» Brief: Search the records for the string "from" and copy every line where it turns up.

::: Excerpted data

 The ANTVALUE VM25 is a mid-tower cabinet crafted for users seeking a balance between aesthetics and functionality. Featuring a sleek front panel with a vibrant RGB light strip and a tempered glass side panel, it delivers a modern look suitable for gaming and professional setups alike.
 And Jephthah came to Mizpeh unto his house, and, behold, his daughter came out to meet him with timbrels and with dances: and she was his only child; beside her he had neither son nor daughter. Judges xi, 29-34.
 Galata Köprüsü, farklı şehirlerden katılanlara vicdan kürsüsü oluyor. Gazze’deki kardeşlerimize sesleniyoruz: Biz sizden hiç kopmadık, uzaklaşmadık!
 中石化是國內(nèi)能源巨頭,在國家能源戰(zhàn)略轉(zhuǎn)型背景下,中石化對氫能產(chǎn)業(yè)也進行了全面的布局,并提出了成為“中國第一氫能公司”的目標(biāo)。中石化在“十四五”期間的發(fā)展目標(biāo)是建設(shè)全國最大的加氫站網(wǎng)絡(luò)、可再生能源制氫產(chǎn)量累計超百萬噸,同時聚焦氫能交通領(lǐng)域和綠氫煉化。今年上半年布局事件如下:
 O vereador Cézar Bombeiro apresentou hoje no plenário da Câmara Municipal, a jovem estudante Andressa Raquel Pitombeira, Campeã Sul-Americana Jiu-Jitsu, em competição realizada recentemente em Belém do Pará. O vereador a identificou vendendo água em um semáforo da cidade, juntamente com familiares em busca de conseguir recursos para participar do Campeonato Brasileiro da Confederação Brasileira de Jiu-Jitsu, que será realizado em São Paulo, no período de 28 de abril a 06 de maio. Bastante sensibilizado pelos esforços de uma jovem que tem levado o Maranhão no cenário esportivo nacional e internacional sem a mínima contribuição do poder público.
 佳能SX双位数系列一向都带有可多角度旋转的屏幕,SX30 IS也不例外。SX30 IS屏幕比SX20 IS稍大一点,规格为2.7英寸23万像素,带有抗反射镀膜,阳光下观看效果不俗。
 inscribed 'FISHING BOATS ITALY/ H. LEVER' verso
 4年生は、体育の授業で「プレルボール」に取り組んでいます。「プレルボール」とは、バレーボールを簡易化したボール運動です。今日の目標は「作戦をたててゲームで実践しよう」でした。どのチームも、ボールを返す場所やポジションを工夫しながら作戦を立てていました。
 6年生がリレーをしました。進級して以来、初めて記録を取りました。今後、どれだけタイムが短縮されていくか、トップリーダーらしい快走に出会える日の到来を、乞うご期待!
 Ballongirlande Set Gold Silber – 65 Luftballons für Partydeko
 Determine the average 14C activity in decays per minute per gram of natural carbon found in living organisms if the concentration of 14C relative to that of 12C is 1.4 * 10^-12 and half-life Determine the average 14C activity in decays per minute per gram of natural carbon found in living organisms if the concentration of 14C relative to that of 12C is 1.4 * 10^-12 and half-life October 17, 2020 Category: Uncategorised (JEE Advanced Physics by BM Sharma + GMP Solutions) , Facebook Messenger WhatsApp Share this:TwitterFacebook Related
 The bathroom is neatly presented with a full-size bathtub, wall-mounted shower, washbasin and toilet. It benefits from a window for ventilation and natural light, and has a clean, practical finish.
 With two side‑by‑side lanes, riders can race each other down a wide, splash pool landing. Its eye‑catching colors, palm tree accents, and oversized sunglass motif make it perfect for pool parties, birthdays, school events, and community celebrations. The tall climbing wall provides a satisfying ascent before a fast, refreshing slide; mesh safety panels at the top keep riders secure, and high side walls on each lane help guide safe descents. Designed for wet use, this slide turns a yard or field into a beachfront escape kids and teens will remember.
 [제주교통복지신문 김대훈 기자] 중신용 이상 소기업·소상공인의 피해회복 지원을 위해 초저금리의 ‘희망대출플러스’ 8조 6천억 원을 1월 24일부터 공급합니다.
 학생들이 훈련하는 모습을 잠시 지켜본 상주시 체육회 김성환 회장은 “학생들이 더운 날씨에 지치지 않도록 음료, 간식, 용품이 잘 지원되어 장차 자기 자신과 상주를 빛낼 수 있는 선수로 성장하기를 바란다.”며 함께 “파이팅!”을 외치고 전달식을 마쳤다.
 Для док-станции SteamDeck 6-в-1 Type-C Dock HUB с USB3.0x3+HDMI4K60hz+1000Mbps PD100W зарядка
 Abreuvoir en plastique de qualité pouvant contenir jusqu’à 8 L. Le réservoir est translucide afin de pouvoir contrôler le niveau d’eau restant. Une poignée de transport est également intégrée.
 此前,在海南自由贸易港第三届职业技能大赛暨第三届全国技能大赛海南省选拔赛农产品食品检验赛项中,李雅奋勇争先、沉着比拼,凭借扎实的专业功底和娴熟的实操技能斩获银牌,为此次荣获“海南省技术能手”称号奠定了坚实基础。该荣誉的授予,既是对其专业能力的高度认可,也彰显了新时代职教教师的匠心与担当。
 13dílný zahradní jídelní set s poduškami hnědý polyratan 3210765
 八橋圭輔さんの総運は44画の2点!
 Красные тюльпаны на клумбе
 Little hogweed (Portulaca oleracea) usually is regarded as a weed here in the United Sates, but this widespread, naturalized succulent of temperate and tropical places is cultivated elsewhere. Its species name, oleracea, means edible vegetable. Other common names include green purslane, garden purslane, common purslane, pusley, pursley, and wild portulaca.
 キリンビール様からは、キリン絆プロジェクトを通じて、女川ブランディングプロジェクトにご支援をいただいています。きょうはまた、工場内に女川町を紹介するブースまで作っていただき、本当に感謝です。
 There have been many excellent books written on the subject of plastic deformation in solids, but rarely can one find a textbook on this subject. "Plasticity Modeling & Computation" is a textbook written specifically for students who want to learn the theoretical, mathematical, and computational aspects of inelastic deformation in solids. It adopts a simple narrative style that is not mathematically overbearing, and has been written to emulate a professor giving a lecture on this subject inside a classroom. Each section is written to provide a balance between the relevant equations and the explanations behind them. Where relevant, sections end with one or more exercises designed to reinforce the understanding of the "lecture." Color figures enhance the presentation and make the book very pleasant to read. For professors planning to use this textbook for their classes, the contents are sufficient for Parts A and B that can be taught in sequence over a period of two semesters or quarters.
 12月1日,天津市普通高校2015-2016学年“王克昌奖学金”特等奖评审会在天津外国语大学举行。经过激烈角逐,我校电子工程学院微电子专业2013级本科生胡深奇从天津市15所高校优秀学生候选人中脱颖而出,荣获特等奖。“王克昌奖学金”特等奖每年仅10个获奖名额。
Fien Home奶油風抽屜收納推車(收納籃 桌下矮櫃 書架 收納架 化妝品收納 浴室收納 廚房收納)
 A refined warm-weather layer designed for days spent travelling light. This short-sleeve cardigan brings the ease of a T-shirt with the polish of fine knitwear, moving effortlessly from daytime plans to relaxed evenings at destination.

::::::

» Task answer:
 The bathroom is neatly presented with a full-size bathtub, wall-mounted shower, washbasin and toilet. It benefits from a window for ventilation and natural light, and has a clean, practical finish.
 A refined warm-weather layer designed for days spent travelling light. This short-sleeve cardigan brings the ease of a T-shirt with the polish of fine knitwear, moving effortlessly from daytime plans to relaxed evenings at destination.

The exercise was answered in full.